Verônica Lima é a primeira mulher negra a assumir o cargo de vereadora na história da cidade de Niterói e é autora da lei da Visibilidade Lésbica aprovada na Câmara Municipal da cidade em 2014. Em São Paulo, foi reeleita, em 2018, a deputada estadual Leci Brandão (PCdoB-RJ), mulher negra e lésbica com 76 anos. Ela é a segunda mulher negra eleita para a Assembleia Legislativa de São Paulo. Com mais de 46 mil votos, Marielle Franco (PSOL-RJ) foi a quinta candidata à vereança mais votada na cidade do Rio de Janeiro e a segunda mulher mais votada para este cargo em todo o país. É de autoria de Marielle o projeto de Lei da Visibilidade Lésbica, rejeitado por dois votos na Câmara Municipal do Rio de Janeiro, em 2017, cuja mobilização originou a Ocupa Sapatão realizada anualmente pelos movimentos.

“Eu queria declarar o voto dialogando com as galerias e instigando que, nos próximos debates, a macheza dos sorrisos de canto de boca continue, porque, como eu disse anteriormente, nós não sairemos das ruas. (…) o lugar das mulheres lésbicas existe, a gente busca maior visibilidade, e haverá mulher lésbica aqui por mais três ou quatro anos na Câmara Municipal! Então, seja pelo sorrisinho, seja pelos votos, a gente vota e aqui é um processo democrático. Que seja pela manutenção da coerência, a bancada do PSOL estará aqui reivindicando esse lugar de uma construção coletiva, que vai muito além desse lugar do projeto. Algumas declarações que misturam calendário, homofobia, violência contra a mulher e estupro terão a devida resposta em cada ‘pela ordem’, em cada dia que estivermos aqui na Câmara Municipal”, disse a vereadora Marielle Franco, em 16 de agosto daquele ano, data de votação do Projeto de Lei da Visibilidade Lésbica.

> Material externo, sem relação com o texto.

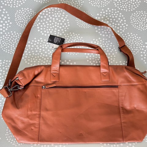 Flot taske i minimalistiske design med en vandret lynlåslomme på forsiden og et diskret, præget logo i det nederste hjørne.
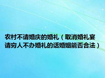目前大家应该是对取消婚礼宴请穷人,不办婚礼的话婚姻能否合法比较感兴趣的,所以今天CC就来为大家整理了一些关于取消婚礼宴请穷人,不办婚礼的话婚姻能否合法方面的相关知识来分享给大家,希望大家会喜欢哦。

Os sorrisinhos de canto de boca, a macheza, as falas de ódio fora dos microfones e dos holofotes, o roubo de autoria de projetos e não menção de crédito por trabalho e os comentários em elevador e nos corredores seguem sendo prática frequente nas casas legislativas brasileiras como forma de intimidação e de violência política contra mulheres negras lésbicas, bissexuais, trans e travestis. E estas são apenas algumas das microagressões sustentadas no machismo, racismo e na LBTfobia que mulheres negras no Parlamento vivem. São atitudes persecutórias que evidenciam cotidianamente a assimetria das relações de poder entre os sujeitos e que legitimam e naturalizam que a violência seja o pilar da sociabilidade e do ethos político brasileiro. Muitas vezes se diz que “a política é mesmo dura”. Quantas vezes quem diz isso não procura apenas se eximir da própria falta de ética e de decoro? Quantas vezes significantes abstratos como “a política”, “o parlamento”, “a casa legislativa” levam a culpa por atos de pessoas, essas, sim, dotadas de consciência e responsabilidade moral? Muitas vezes, são essas agressões feitas no privado que nos adoecem e nos expulsam da política. Afinal, as dinâmicas de poder que a população negra experimenta são diversas e por mais que possam se alterar com a ocupação de uma posição política ou econômica distinta, o racismo persiste em sorrisinhos de canto de boca, em agressões não documentadas, “duras” policiais, estupros e assassinatos.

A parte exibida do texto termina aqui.